CHAPTER 4
 
 
AS THEY RODE with the afternoon sun lathering their horses and painting broad sweat stains down the backs of their shirts, Clark considered one of the many stories he’d heard about Jack Cameron.
It was the year after the war, when the Union soldiers were returning to Arizona and the Yankee settlers were rebuilding what the Apaches had destroyed in their absence. Cameron had bought a ranch in the Dragoon Mountains east of Benson and been engaged to Ivy Kitchen, the pretty blonde daughter of Lester Kitchen, who also ranched in the area.
One morning the Apaches stormed off the trail from Benson, lead by Mangus Colorado himself, and laid waste to four ranches. Cameron and his partner, Rudy Poliner, managed to escape into the mountains. Two days later they walked back out and found the Kitchen ranch little more than a pile of white ashes smoldering in the desert sun.
Lester and his two boys, Ray and Steve, lay in the ranchyard pincushioned with arrows. The women—Mrs. Kitchen and her two daughters, Rachel and Ivy—lay in the scrub around the root cellar, where they’d apparently tried to hide. They were all naked. They’d obviously all been raped. And they’d all had their throats cut. Cameron tracked the raiding party and managed to kill three before his horse gave out. Knowing the formidable Cameron was on his trail, Mangus Colorado hightailed it to his stronghold in the Sierra Madre. Enlisting the help of several ranchers and their men, Cameron made three attempts to locate the hideout. All he located, however, was a handful of bushwacking Indians and death for more than half his men before he finally gave up and resigned himself to the fact he’d never be able to avenge his lover’s death.
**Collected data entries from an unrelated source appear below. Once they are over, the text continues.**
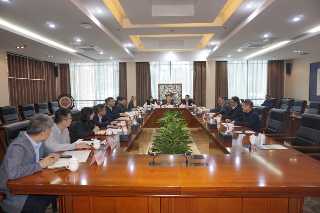 10月23日上午,苏州工业职业技术学院校长马延文一行来校调研。学校党委副书记、校长何学军,党委常委、副校长崔新明,党委常委、副校长潘旭海在行政楼辅楼一楼会议室接待来宾。学校相关职能部门负责同志参加交流。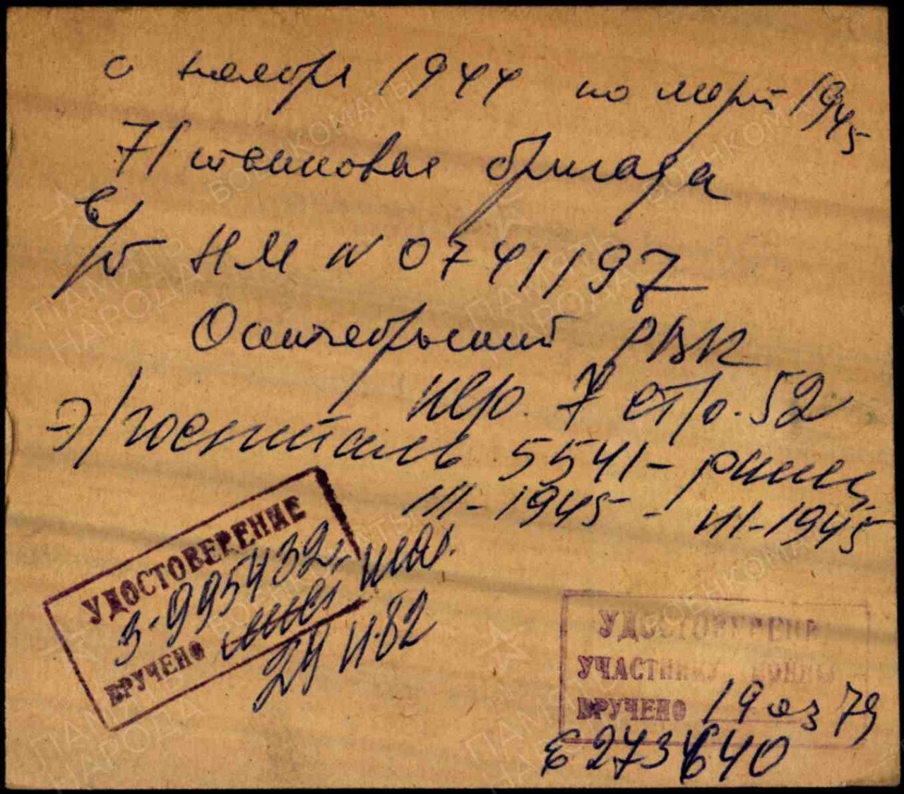 Дата выбытия: __.03.1945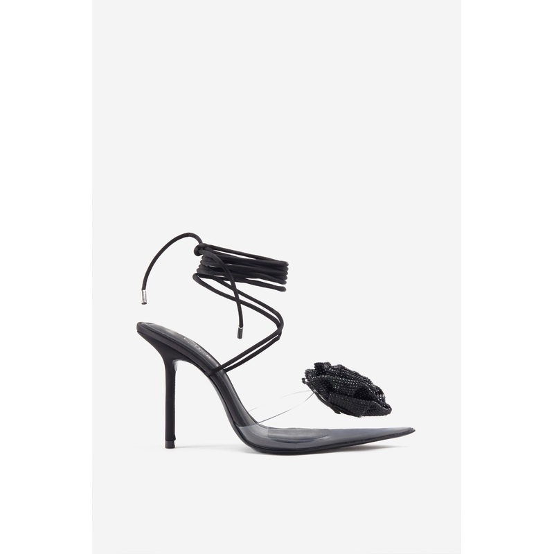 Sharpened | Black Lace-Up Clear Stiletto Heels With Diamante Flowers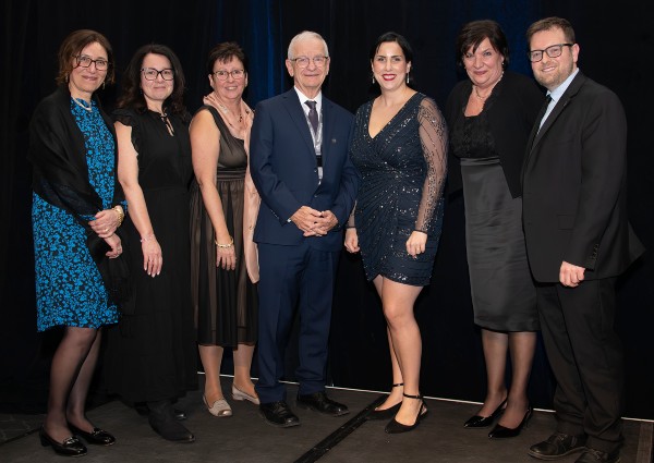 De gauche à droite : Mme Amina Belcaid, professionnelle scientifique de l’Unité de traumatologie à la Direction des services de santé et de l’évaluation des technologies à l’INESSS, Mme Rachelle Huard, adjointe au directeur des soins critiques - volet continuums de soins surspécialisés au CHU, Mme Sylvie Côté, retraitée et membre honorable du colloque de traumatologie Traumas Défis, M. Pierre Mathieu, retraité et membre du comité organisateur, Mme Sarah Déry, adjointe au directeur des soins critiques – administration, transformation et intégration des programmes suprarégionaux – EVAQ, Mme Christine Rizzo, retraitée et membre honorable du colloque de traumatologie Traumas Défis, M. Stéphane Tremblay, directeur des soins critiques du CHU.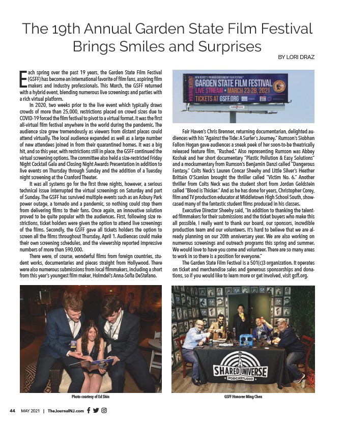 44 MAY 2021 | TheJournalNJ.com BY LORI DRAZ E - - - - - - - Photo courtesy of Ed Shin GSFF Honoree Ming Chen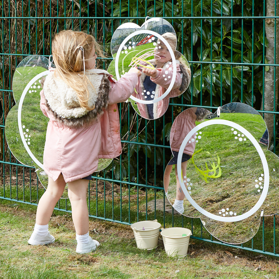 Projetados para estimular a criatividade e a comunicação, os espelhos acrílicos em forma de margarida são um excelente recurso para expressar ideias e sentimentos através da marcação.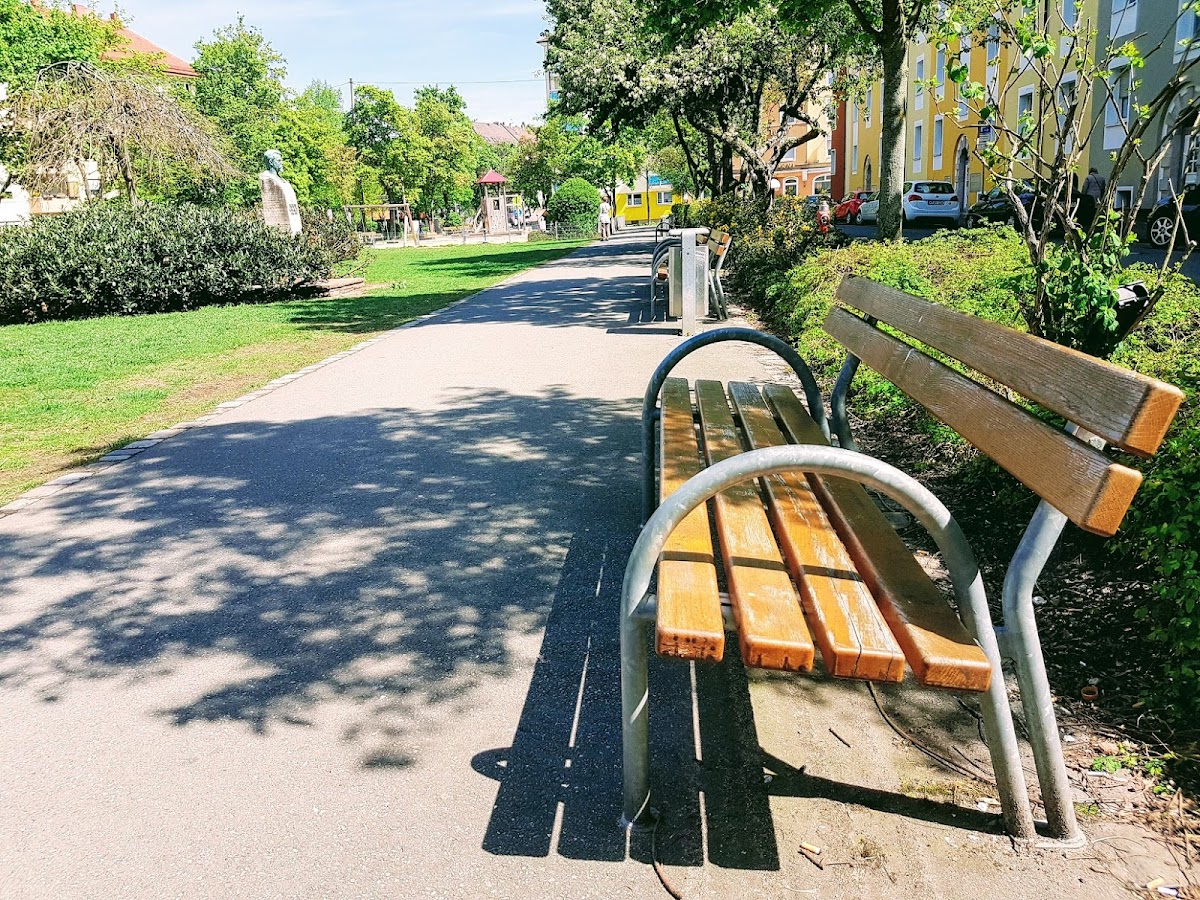 (Translated by Google) Nice, smaller green space with a few benches, a bust of Sigmund Schuckert and a nearby playground. The place is pretty clean and tidy.

Now Cameron turned his horse off the faint Indian hunting trail they were following through the foothills of the Whetstone Mountains. “We’d better stop and let the horses have a blow,” he told Hotchkiss.
Clark slid off the back of Cameron’s buckskin, stepped into the shade offered by a mesquite bush, and sat down. The pain in his head had abated, but he still felt disoriented. He pressed his hand to the bandanna over the wound and it came away dry, a good sign.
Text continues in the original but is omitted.